Security tasks are frequently performed by non-security professionals within resource-strapped teams, and there is not always a strong culture of security awareness. Patients' records can often be accessed by staff with no connection to their care, highlighting the gap between technical controls and security-minded behaviour. In a fitting example of this expertise gap, one UK hospital's disaster recovery test went catastrophically wrong when planners forgot to ensure normal operations could actually continue during the exercise, bringing down key operational systems in the process.
The funding constraints facing healthcare organisations compound these challenges. With tight budgets, money spent on information security is not being spent on patient care or medical innovation, a difficult trade-off that leaves vulnerabilities unaddressed.
Recognising this gap, many life sciences organisations have established security standards that healthcare organisations must meet to collaborate and partner with them. It is an acknowledgement that, in a sector as interconnected as life sciences, security is only as strong as the weakest link in the supply chain. The adoption of standards like ISO 27001 has become table stakes for data sharing partnerships, whilst investment in security, segmentation and threat intelligence is increasingly seen not as overhead but as essential infrastructure for a sector where innovation is everything.

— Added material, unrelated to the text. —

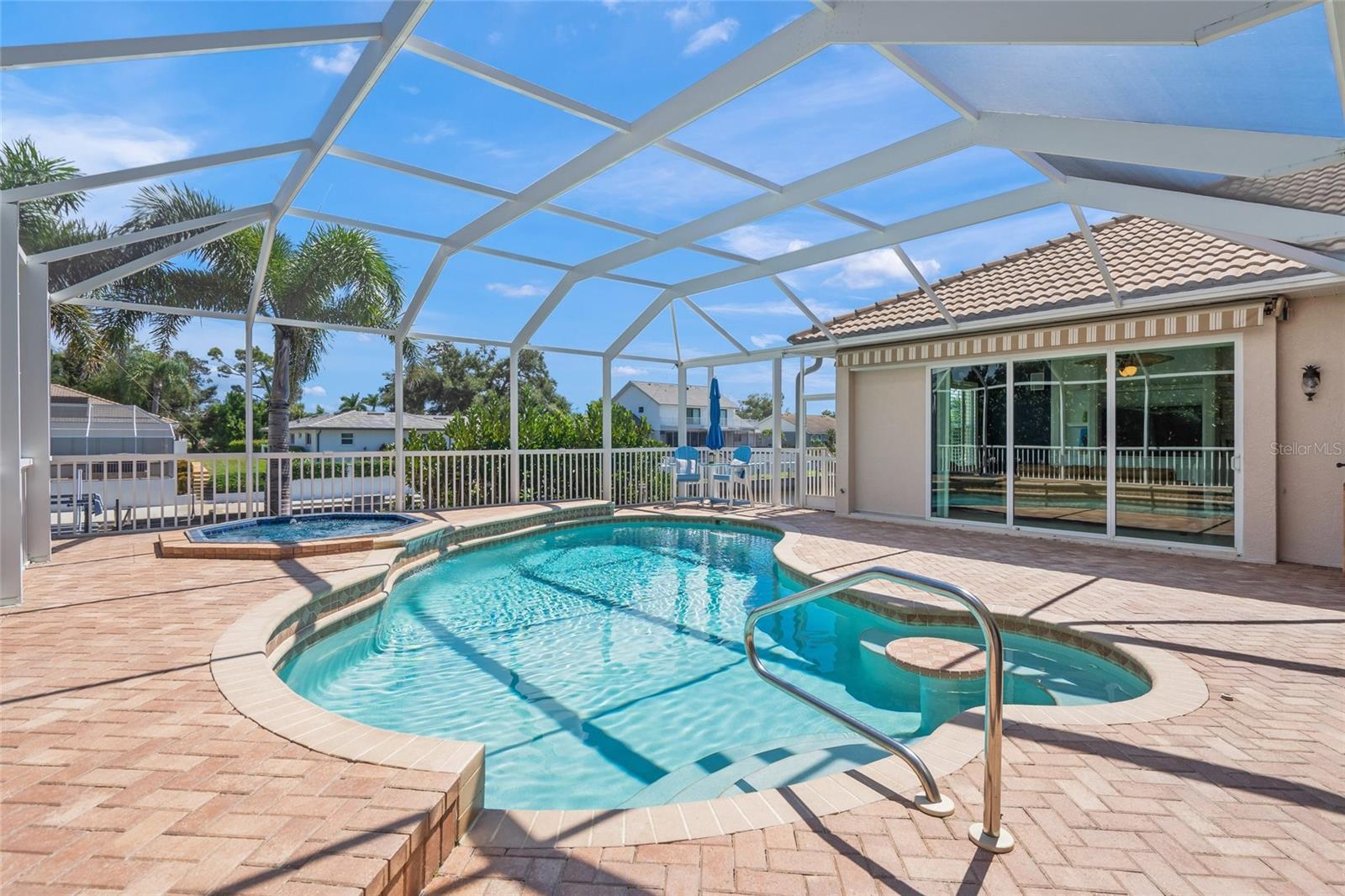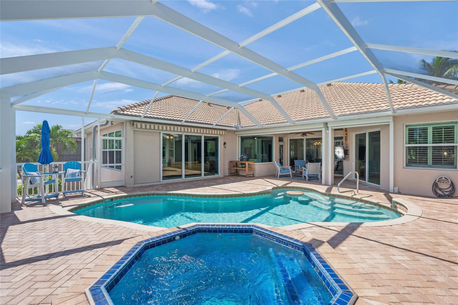 GULF ACCESS WATERFRONT ESTATE – PRIVATE DOCK & HEATED POOL Experience the ultimate coastal lifestyle in this impeccably maintained four-bedroom, three-bath pool home with spa, located in the highly desirable boating community of Englewood Isles. Nestled in North Englewood within Sarasota County, this residence offers direct Gulf access through the Intracoastal Waterway at Marker #38, making it a true boater’s dream. The property boasts ninety-two feet of concrete seawall and a private dock equipped with an 18,000-pound lift, floating jet ski dock, davits, water and electric connections, and custom dock lighting designed for nighttime fishing or entertaining. Whether you prefer kayaking at sunrise, cruising the canals, or taking your boat straight to the Gulf for sunset, this home delivers a waterfront lifestyle lacking nothing. Peace of mind comes built in with hurricane impact-resistant windows, an insulated garage door, automatic Kevlar roll-down shutters, and a KOHLER 10.4 kW whole-house generator with automatic transfer switch. A central vacuum system adds everyday convenience, while the oversized garage provides racks, a side entry door, workshop space, and a paved walkway that leads directly to the dock. The home’s curb appeal is undeniable, with lush landscaping, a paver driveway and walkways, and a welcoming double French door entry. The outdoor living spaces are equally impressive, featuring a heated pool and spa with an upgraded enclosure using stainless steel screws and fresh re-screening after Hurricane Ian. A retractable striped awning with wind sensor adds shade and comfort to the lanai, while the screened outdoor area showcases a tranquil waterfall surrounded by tropical landscaping, creating the perfect setting for private relaxation or entertaining. Inside, a thoughtfully designed split-floor plan highlights neutral ceramic tile floors and timeless finishes throughout. The gourmet kitchen is a chef’s delight with custom cabinetry, quartz countertops, stainless steel appliances including roll-out shelving, accent glass cabinets, and both under- and over-cabinet lighting. A large working island with oversized bar and a breakfast nook framed by an aquarium glass window complete this elegant space. The expansive primary suite offers dual walk-in closets and a spa-inspired bathroom with dual vanities, hidden electrical outlets, medicine cabinets, a jetted Jacuzzi tub framed by plantation shutters, and a walk-in shower equipped with handheld and overhead fixtures, bench seating, and grab bars. Location is yet another highlight. The home is only minutes from Englewood’s pristine beaches, golf courses, shopping, and dining. Residents can bike to historic Dearborn Street for boutique shops, restaurants, and the weekly farmer’s market, while the brand-new BayFit gym sits conveniently across the street from Englewood Isles. Built in 2007, this custom residence seamlessly blends luxury, comfort, and premier boating access—an exceptional opportunity to own your very own slice of waterfront paradise. FRIENDLY SELLER SAYS BRING OFFERS!!

AI: accelerating innovation and expanding the attack surface
Perhaps nowhere is the tension between innovation and security more apparent than in the sector's embrace of AI Life sciences organisations are more welcoming of AI than many other industries, and with good reason. As early as 2024, an estimated 95% of pharmaceutical companies were investing in AI, with spending projected to grow by 600% by 2030. It is not just the investment that is staggering, the potential impact is too, such as 80% timeline reductions in clinical trials. In fact, life sciences has been leveraging AI for years, even before consumers knew such technology existed.
Now, the technology is being deployed across the entire value chain: drug discovery, patient eligibility screening, diagnostic tools and even coaching pharmaceutical representatives. AI enables the biology-dependent pre-work that determines whether experimental treatments might work for specific patients, work that would be impossibly time-consuming without advanced computational assistance.
Yet this rapid adoption creates new vulnerabilities. Each AI system introduces an additional attack surface and threats like model poisoning or inversion attacks could theoretically compromise drug development pipelines or diagnostic tools. While, regulations offer some guardrails, the rate of adoption often outpaces the rate at which security protocols are being enhanced to address the increasing associated risks, particularly in non-patient facing applications.
Healthcare organisations, by contrast, show more hesitation around AI implementation, particularly given GDPR and data privacy concerns. Although organisations remain cautious, this does not dispel its growth, with 42% of life sciences executives reporting that AI is their top priority for digital transformation in 2026. Still, when AI is being tested in clinical settings, it is primarily to alleviate administrative pressures rather than for direct medical decision-making, a reflection of ongoing questions about the ethics of AI-driven care decisions.
Cyber maturity as a competitive advantage
The most mature life sciences organisations are reframing cyber security from a compliance burden or innovation blocker into a competitive advantage. This starts internally with implementing security by design principles, including close collaboration with scientists and business units. In an industry that more often than not takes a zero-trust approach, security teams must aim to maintain cyber postures without creating undue friction for innovators.